Note that this boilerplate is sufficient only if the top level package is already accessible via sys.path. Additional code that manipulates sys.path would be needed in order for direct execution to work without the top level package already being importable.

I'm trying to move this boilerplate into a library that each script can import. I already have code available to import the package, resulting in this boilerplate snippet:

import pathlib, imptools
if __name__ == '__main__' and __package__ == None:
  __package__ = pathlib.Path(__file__).parent.name
  imptools.import_from_path(__package__, '..')

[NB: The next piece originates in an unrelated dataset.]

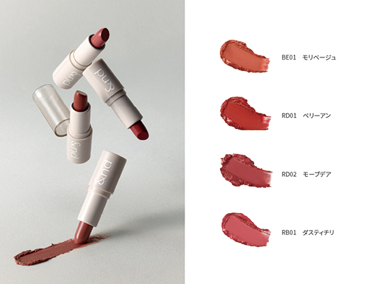 A moisturizing lip color stick that glides on smoothly. Four shades: BE01 Mori Beige / RD01 Berry An / RD02 Mauve Dear / RB01 Dusty Chili.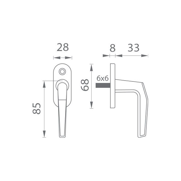 Půloliva na dřevěné okno s oválnou rozetou je vyrobená z hliníku a je povrchově upravená. Rozeta má rozměry 28 mm x 68 mm a tloušťku 8 mm.

Now I would like to simplify this to the following, which requires setting __package__ for the script from within the library rather than the script itself.

import relative_import
relative_import.enable()

I know how to find out what script file the library function is called from. This can be done via inspect:

import inspect
for info in inspect.stack():
  if info.filename == __file__:
    continue
  break
script = info.filename

The only problem left is, how can I set __package__ of the script module from within the library?

CodePudding user response:

You're trying to do something very finicky here, but this part, at least, is easy. The script module is always __main__. You can just import __main__ and set __main__.__package__.

CodePudding user response:

I've created the imptools package to easily enable relative imports for scripts inside modules:

import imptools  # pip3 install imptools

imptools.enable_relative()

# Relative imports...

The script can be run either as python3 -m module.script or as python3 script.py from any directory.